By its decision of 23 August 2018 the Federal Labor Court (docket number 2 AZR 133/18) facilitated video surveillance at the workplace. Legally and openly created recordings do not have to be deleted by the employer within a few days. According to the Federal Labor Court, they can be evaluated several months later.
Under data protection law employers are in principle entitled to use video cameras to publicly monitor accessible sales areas in order to protect themselves against criminal offences. The purpose of such video surveillance does not have to be exclusively to prevent crimes committed by customers. Rather, the employer can also pursue the purpose of protecting himself from criminal offences committed by employees.
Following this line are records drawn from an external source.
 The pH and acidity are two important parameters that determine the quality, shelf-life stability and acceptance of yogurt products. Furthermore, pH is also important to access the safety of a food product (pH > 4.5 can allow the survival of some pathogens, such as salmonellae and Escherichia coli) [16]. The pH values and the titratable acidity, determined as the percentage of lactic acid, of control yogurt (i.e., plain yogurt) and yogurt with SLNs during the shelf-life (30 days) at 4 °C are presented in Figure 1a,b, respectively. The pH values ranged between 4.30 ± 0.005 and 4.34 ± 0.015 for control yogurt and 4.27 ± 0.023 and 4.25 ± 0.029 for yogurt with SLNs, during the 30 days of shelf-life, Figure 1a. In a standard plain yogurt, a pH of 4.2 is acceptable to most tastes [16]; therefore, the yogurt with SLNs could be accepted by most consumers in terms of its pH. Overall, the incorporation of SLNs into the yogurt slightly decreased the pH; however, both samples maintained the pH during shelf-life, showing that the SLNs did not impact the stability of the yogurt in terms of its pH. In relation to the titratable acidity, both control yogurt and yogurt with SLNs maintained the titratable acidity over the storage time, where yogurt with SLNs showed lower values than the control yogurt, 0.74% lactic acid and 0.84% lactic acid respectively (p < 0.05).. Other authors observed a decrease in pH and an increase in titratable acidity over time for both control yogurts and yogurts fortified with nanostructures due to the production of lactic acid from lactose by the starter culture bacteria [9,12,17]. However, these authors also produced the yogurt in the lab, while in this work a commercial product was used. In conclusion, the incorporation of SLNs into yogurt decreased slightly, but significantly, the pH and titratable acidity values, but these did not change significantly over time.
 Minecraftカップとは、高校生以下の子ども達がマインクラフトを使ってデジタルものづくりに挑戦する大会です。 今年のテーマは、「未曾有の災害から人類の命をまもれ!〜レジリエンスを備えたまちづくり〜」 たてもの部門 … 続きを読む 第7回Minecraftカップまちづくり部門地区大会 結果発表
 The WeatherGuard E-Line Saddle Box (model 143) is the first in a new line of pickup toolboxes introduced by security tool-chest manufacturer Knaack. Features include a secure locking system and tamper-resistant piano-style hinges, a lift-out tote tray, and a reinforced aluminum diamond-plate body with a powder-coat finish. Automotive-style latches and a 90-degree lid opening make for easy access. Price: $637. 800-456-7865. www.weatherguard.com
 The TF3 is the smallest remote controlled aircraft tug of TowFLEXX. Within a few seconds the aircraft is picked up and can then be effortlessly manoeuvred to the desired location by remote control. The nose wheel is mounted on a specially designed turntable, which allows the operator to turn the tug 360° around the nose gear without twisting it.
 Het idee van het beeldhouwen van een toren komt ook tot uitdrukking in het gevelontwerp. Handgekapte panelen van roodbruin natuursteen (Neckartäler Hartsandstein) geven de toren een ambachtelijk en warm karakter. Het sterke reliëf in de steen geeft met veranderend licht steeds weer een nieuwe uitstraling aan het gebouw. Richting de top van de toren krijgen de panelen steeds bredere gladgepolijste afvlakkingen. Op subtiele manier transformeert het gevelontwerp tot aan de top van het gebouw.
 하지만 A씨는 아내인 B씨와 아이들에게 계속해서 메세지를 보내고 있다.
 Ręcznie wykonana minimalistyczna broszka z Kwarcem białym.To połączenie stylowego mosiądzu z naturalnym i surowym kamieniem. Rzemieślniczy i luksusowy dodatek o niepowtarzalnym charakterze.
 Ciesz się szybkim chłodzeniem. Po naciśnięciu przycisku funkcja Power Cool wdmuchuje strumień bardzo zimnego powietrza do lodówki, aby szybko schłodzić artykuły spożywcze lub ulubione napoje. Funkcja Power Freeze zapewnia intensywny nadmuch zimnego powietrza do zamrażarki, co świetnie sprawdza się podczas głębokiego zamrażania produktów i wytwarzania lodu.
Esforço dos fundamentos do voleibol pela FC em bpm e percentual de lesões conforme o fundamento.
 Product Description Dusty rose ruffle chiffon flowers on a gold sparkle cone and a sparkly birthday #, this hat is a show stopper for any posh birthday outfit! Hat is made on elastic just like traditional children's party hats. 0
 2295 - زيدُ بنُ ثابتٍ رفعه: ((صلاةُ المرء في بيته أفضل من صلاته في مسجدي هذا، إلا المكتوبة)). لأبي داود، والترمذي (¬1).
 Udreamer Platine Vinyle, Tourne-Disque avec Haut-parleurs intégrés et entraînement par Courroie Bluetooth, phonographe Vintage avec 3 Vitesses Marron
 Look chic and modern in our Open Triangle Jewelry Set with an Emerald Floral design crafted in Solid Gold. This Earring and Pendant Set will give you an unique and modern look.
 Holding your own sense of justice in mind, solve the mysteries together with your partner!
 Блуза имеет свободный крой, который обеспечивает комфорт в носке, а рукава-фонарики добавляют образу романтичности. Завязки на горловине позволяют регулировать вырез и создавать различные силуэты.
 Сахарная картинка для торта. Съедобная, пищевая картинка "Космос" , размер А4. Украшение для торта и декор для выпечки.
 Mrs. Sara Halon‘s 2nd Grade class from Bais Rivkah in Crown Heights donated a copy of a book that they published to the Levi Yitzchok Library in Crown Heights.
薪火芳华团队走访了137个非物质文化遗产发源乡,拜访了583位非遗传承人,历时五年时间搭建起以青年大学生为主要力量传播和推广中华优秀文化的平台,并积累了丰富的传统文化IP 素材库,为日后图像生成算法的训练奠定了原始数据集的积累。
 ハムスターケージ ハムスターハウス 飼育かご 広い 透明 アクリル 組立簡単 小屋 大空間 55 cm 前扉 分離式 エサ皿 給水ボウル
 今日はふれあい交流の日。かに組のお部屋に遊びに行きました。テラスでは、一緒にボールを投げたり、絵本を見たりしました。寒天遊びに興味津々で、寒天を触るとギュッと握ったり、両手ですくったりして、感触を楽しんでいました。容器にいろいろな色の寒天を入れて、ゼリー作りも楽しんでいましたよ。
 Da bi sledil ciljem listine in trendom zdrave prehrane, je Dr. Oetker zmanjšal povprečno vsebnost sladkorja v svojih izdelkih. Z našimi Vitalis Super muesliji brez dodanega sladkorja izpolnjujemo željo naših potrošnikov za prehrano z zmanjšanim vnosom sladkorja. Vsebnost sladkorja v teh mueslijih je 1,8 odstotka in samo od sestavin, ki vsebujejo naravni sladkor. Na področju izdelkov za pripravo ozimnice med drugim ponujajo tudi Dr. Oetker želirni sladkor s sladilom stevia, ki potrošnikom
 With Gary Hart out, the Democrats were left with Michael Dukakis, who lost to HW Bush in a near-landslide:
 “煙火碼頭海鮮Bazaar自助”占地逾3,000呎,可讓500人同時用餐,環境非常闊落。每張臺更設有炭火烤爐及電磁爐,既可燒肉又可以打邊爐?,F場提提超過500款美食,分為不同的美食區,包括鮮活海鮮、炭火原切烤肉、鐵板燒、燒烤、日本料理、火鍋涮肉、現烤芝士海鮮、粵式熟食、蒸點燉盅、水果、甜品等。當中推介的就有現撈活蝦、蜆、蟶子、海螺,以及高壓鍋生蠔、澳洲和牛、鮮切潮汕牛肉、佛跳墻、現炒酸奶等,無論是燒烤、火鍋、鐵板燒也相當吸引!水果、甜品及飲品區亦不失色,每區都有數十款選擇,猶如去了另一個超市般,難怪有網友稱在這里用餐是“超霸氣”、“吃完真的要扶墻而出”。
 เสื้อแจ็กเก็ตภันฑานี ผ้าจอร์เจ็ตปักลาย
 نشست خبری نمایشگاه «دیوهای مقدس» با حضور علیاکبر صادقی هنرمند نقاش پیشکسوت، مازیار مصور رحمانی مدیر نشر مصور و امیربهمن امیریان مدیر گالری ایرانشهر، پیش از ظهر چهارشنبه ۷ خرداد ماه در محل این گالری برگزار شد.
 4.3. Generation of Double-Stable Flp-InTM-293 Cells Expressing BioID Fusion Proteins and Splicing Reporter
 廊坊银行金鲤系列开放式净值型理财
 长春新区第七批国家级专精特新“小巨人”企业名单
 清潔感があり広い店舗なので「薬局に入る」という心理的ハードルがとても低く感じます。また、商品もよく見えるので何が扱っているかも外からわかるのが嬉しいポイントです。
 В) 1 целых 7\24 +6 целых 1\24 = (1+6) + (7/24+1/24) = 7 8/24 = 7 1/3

In such cases, video surveillance must be disclosed or made visible, usually by information signs. In addition, the employer must delete the video material as soon as possible. Section 4 para. 5 of the Federal Data Protection Act (Bundesdatenschutzgesetz, BDSG) states that data shall be deleted immediately if it is no longer necessary to achieve the purpose or if legitimate interests of the parties concerned are affected.
In the particular case, the plaintiff worked in a small shop with open video surveillance installed by the defendant. According to the defendant, a shortage of tobacco products was found in the third quarter of 2016. A random analysis of the video recordings conducted in August 2016 had shown that the plaintiff had not deposited the funds collected on two days in February 2016 in the cash register. Therefore, the defendant terminated the employment relationship for good cause. The affected employee succeeded before the local labor court with her claim for wrongful dismissal. Also the Labor Court of Appeal in Hamm (docket number 2 Sa 192/17) ruled that the findings from the video surveillance were subject to a prohibition on exploitation due to Section 4 para. 5 of the BDSG, as the defendant should have deleted the video sequences immediately, in any case at least before 1 August 2016.
The Federal Labor Court surprisingly overruled the decision and made quite a turnaround compared to earlier decisions with similar situations where usually, as a rule of thumb, material was to be deleted after the expiration of 1-2 days due to the legal principle of data economy.
According to the Federal Labor Court, the storage of video sequences from a legitimate open video surveillance showing intentional actions of an employee to the detriment of the employer’s property is allowed, as long as punishment for the breach of duty is possible under employment law. In particular, the defendant was not obliged to analyze the surveillance material immediately. He was allowed to wait until he saw a valid reason to do so. The analysis of the video material conducted approximately six months after the recording did not conflict with Section 4 para. 5 of the Federal Data Protection Act and therefore did also not conflict with the general right of privacy of the employee protected by Article 2 para.1 in conjunction with Article 1 para. 1 of the German Constitutional Law (Grundgesetz, GG).